As all recent Chromebooks, the boot process for coral boards is based on Coreboot and Depthcharge.

In order to make Chromebooks usable in a LAVA lab, Depthcharge needs to be modified to include some additional features such as TFTP support, the ability to pass a ramdisk parameter to x86_64 kernels and enabling the command line interface. We keep these changes for every Chromebook board in this repo, each branch adds the appropriate changes to a particular board starting on a specific base version.

Chrome OS firmwares contain some binary blobs that we can’t build from scratch, so a way to generate a firmware with a modified version of Depthcharge is to take a release firmware binary from Google and replacing the payload with a custom modified Depthcharge binary built from the branch above. More info in the documentation of the firmware-tools repo.

Chromebook bootup in a LAVA setup

Chromebooks used in a LAVA environment will boot a Linux kernel through TFTP. In order to do this, LAVA will access the Depthcharge CLI through a serial terminal and enter the appropriate commands there.

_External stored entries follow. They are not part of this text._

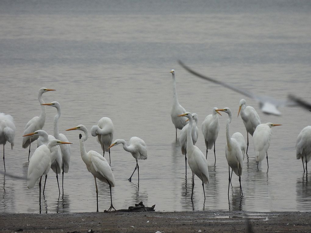 Использованы фото Александра Винчевского (орланы-белохвосты, большие белые цапли, бакланы, лебедь-кликун и малый лебедь, семья кликунов) и Светланы Альшевской.
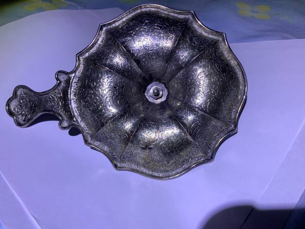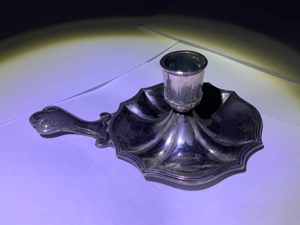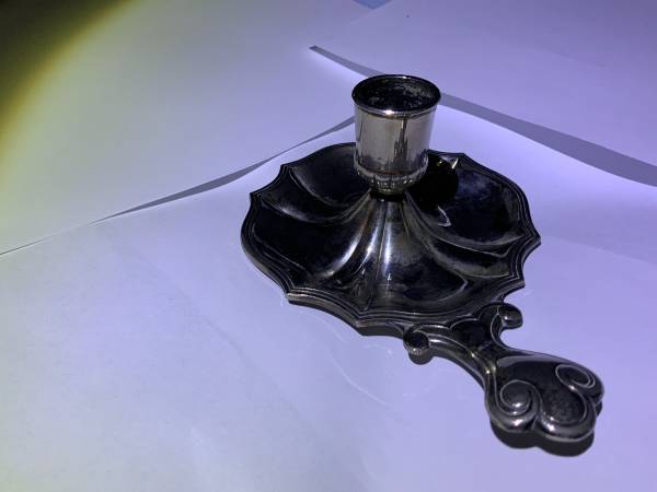 Antique / Vintage Silver-Plated Chamberstick Candle Holder – Ornate Victorian Style Beautiful antique/vintage chamberstick candle holder with ornate floral scroll engraving and scalloped drip pan....
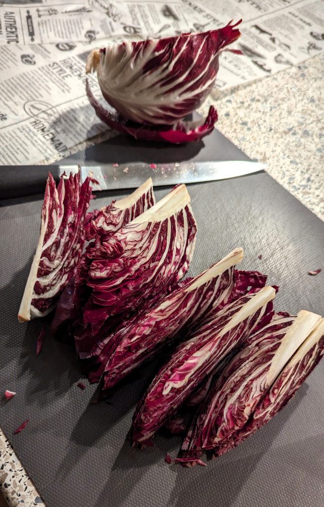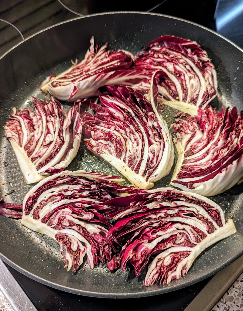 Den Radicchio in Stücke schneiden. Butter in der Pfanne bei mittlerer Hitze zerlassen, Radiccio dazu geben und mit Salz und ein wenig Ahornsirup würzen.

Assuming the Chromebook has a network link to a DHCP and TFTP server, a Linux kernel can be booted like this:

(depthcharge): tftpboot dhcp bzImage args initrd.cpio.gz

The first line configures the network interface in Depthcharge using DHCP and the second one boots a Linux kernel. This assumes that the TFTP server is serving the kernel binary (bzImage), the initrd (initrd.cpio.gz) and a plain text file containing the kernel command line arguments (args), which will be board-specific.